Trump muddled messagePresident Trump’s supporters are worried he is muddling his populist message as Republicans seek to keep the party base together going into the midterm election year. 

This week, Trump faced an uproar from his most faithful MAGA supporters when he defended the H-1B visas and inviting foreign students to come study in the U.S. Conservative critics including and perhaps most prominently, Rep. Marjorie Taylor Greene (R-Ga.) accused the president of contradicting his America First message.

Meanwhile, the president has continued to tout expensive White House renovations, including his long anticipated ballroom addition in place of the East Wing, as he seeks to tackle the issue of affordability. 

Some worry that the moves will depress the president’s base, who have long viewed him as an economic populist fighting for the working class.  
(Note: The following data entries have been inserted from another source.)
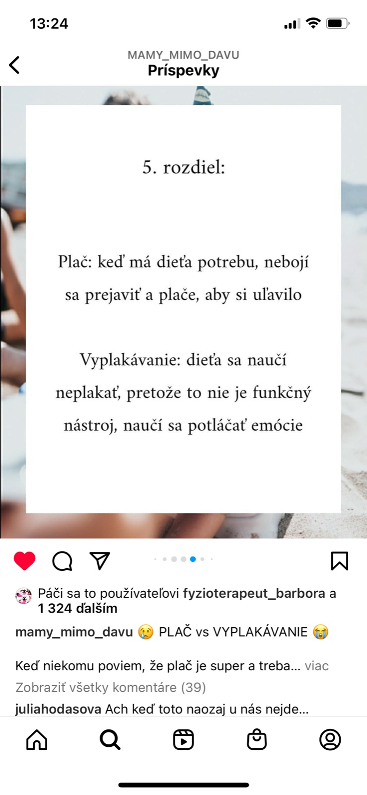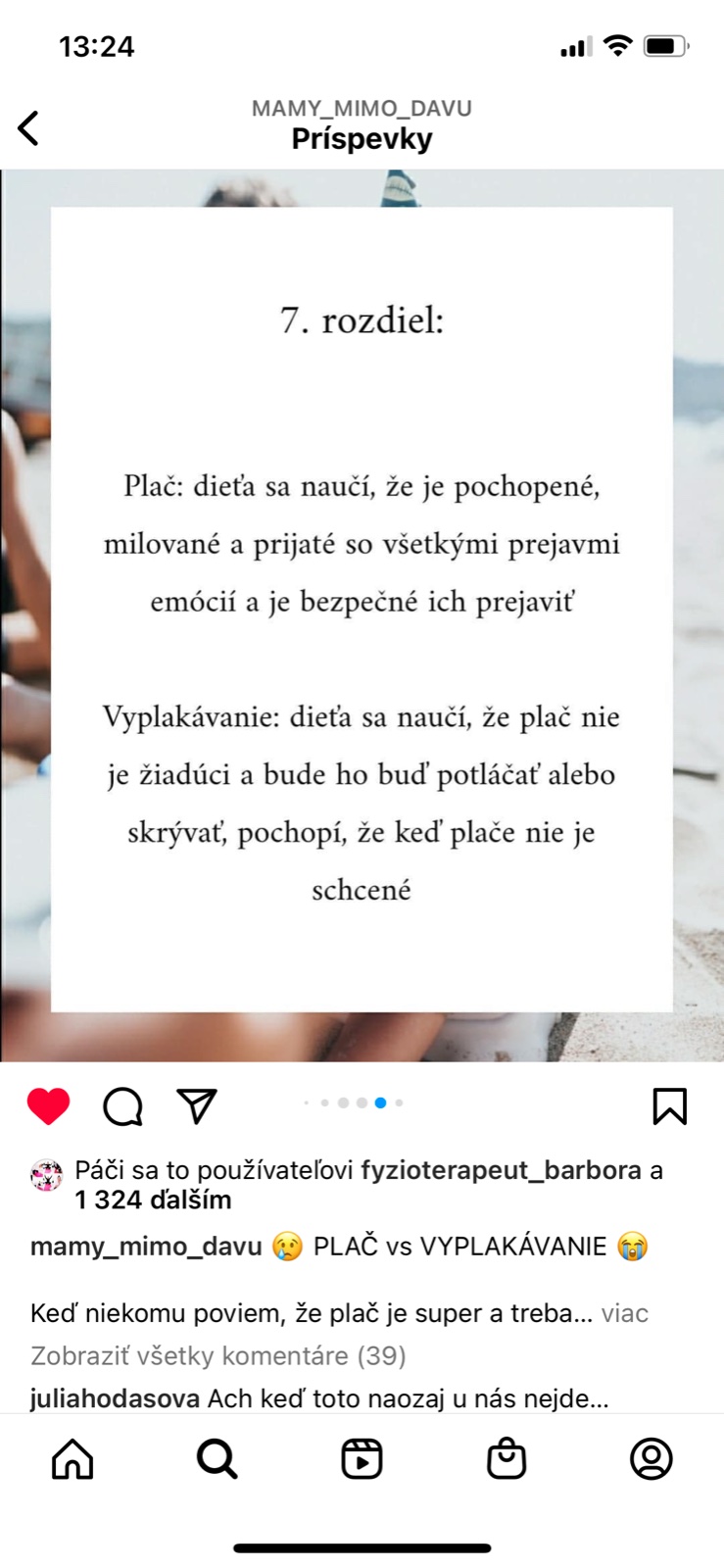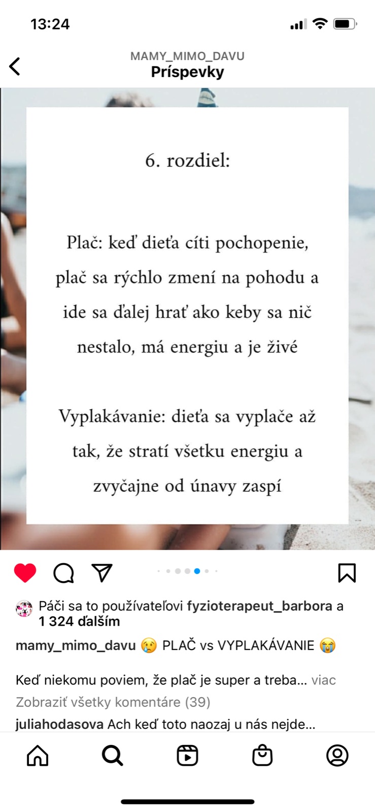 A k tomu teda patri ta najdolezitejsia sprava pre vsetky, ono to chce istu mieru laskavosti aj k sebe samemu aj k ostatnym, aby si tu nepisali 2 tabory takych a inych matiek, ale aby respektovali to ako to ma druhy clovek. Pretoze druha krasna veta Matejckova je, ze najviac ucime, ked neucime, teda ak chceme raz, konecne niekedy mat spolocnost laskavu a ohladuplnu, tak take musime byt na seba, predovsetkym my mamy. Drzte sa, zvladnite, pocuvajte viac babatko a menej okolie, dobry je taky ten vnutorny hlas, ktory vam hovori ako to prave to vase dieta potrebuje. Nie svokra, nie kamoska, nie instagram.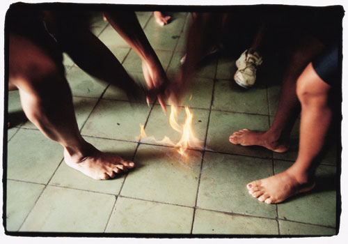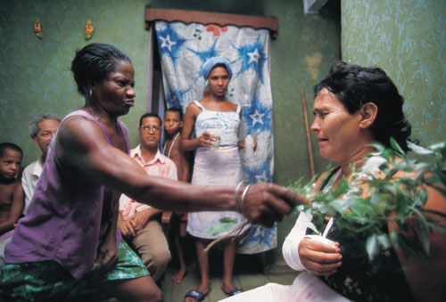 האשה משמאל אינה כוהנת סנטרייה, אבל במהלך הטקס היא נכנסה פתאום למרכז המעגל, טיהרה אותי ואת המצלמה שלי מרוחות באמצעות אגד של ענפים, ואז התנפלה בריקוד סוער על האישה שמימין, כדי לרפא אותה. הטקס נמשך יותר משעתיים, בחדר מסריח ובחום נורא. כדי להתאושש יצאתי למרפסת, שממנה נשקף נוף רוגע של האוקיינוס האטלנטי |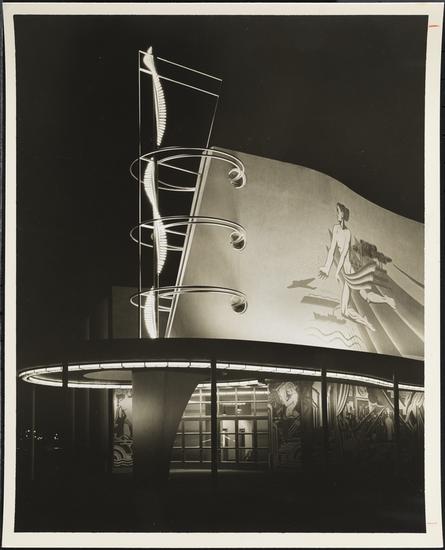 [Night view of the Production and Distribution building, New York World's Fair.]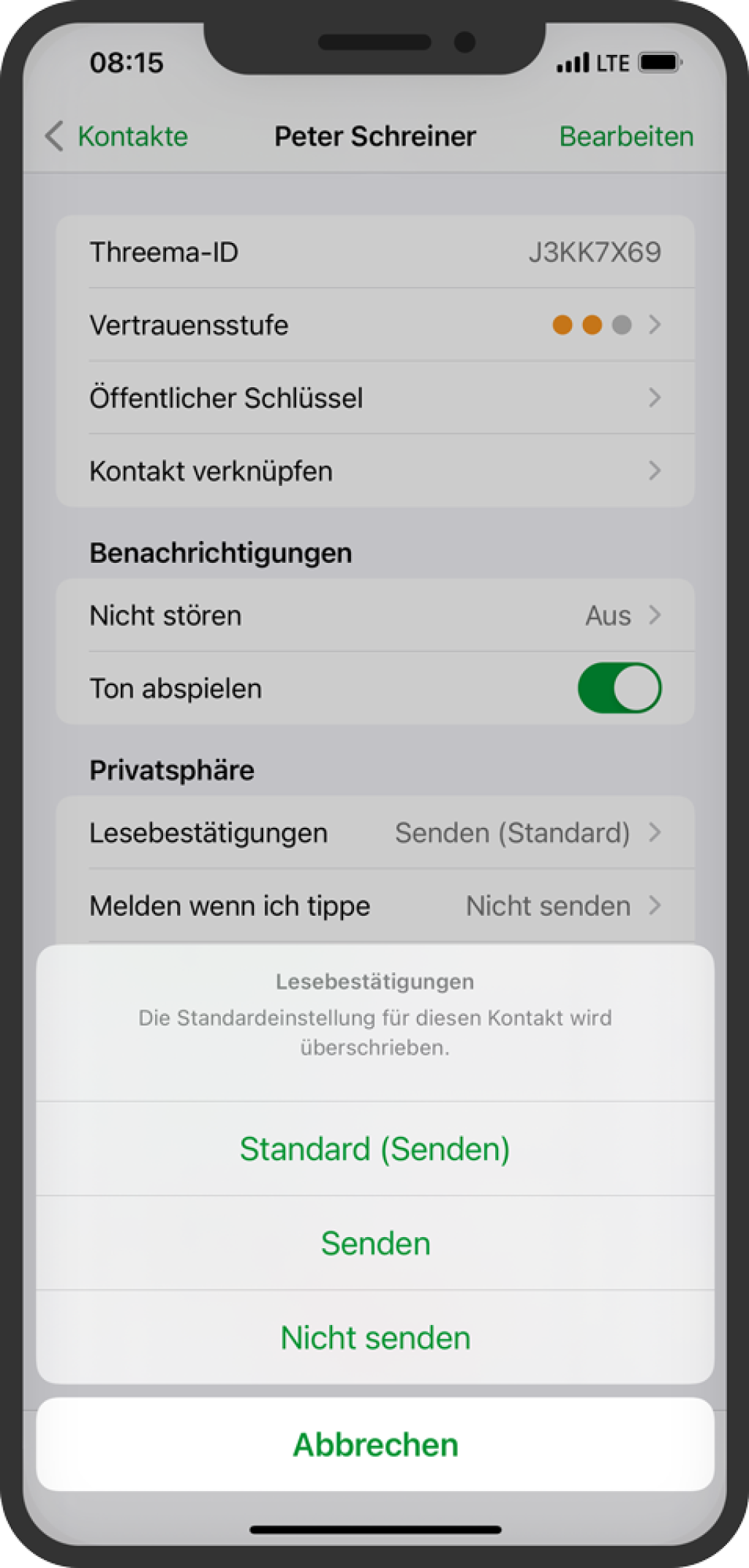 Die Lesebestätigungen- und «Melden, wenn ich tippe»-Einstellung kann nun für einzelne Kontakte angepasst werden. Gehen Sie dazu in die Kontaktdetails, und passen Sie die Einstellung bei «Lesebestätigungen» und «Melden, wenn ich tippe» an. Diese Einstellung gilt dann nur für den jeweiligen Kontakt. Ist keine kontaktspezifische Einstellung definiert, greift die globale Einstellung unter «Threema > Einstellungen > Privatsphäre > Chat».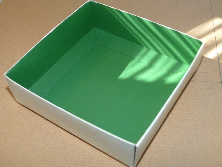 Después pinté la tapa de la caja del mismo color mantequilla por la parte exterior, y verde hoja en el interior. Esta será la base de la casita.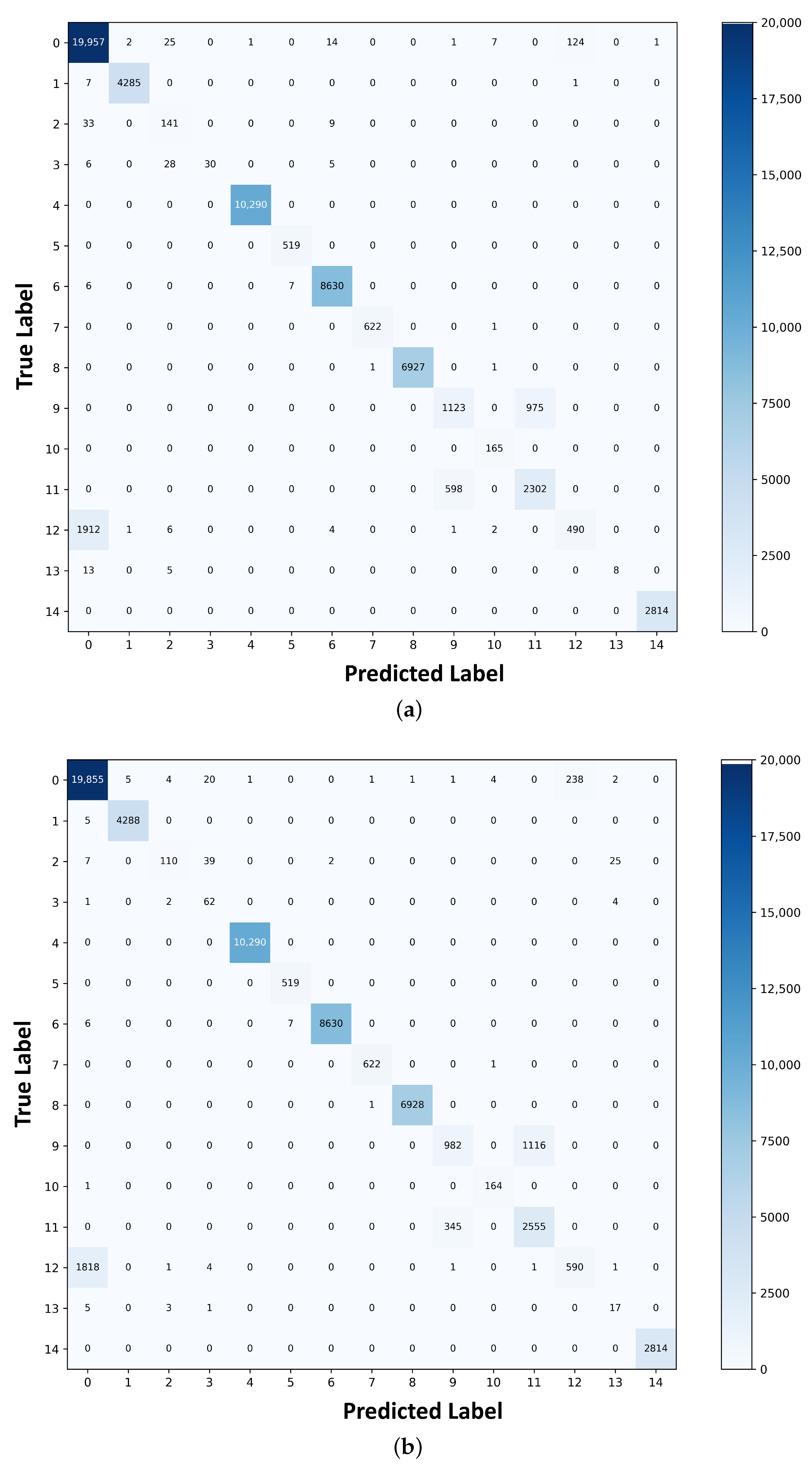- Experimental software environment: The proposed sparse-expert-based intrusion detection method for IoT networks was implemented using the PyTorch (version 2.5.1) framework. Data processing, numerical computation, and visualization were mainly carried out with libraries such as Pandas (version 2.2.3), NumPy (version 1.26.4), and Matplotlib (version 3.10.0).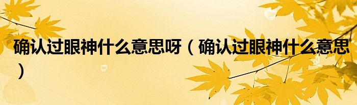 大家好,小晋来为大家解答以下问题,关于确认过眼神什么意思呀,确认过眼神什么意思很多人还不知道,今天让我们一起来看看吧!

The backlash was fiercest after Fox News host Laura Ingraham, a vocal Trump ally, pressed him over his stances on H-1B visas and his calls for 600,000 Chinese students to study at U.S. higher education institutions. The president argued H-1B visas are necessary because the U.S. needs “certain” talents to carry out specific jobs. On his calls for the 600,000 Chinese students studying in the U.S., Trump argued the move was needed to keep U.S. colleges in business.

“Where is my president?” Trump supporter Kylie Kremer, who played a role in organizing the rally prior to the Jan. 6 attack on the Capitol, posted on X with a clip of the interview. 

Conservative commentator Natalie Winters, who co-hosts Steven Bannon’s War Room podcast, also reposted a clip of the interview in which Trump defends his calls for Chinese students to study in the U.S., calling the remarks “insulting to MAGA’s intelligence.”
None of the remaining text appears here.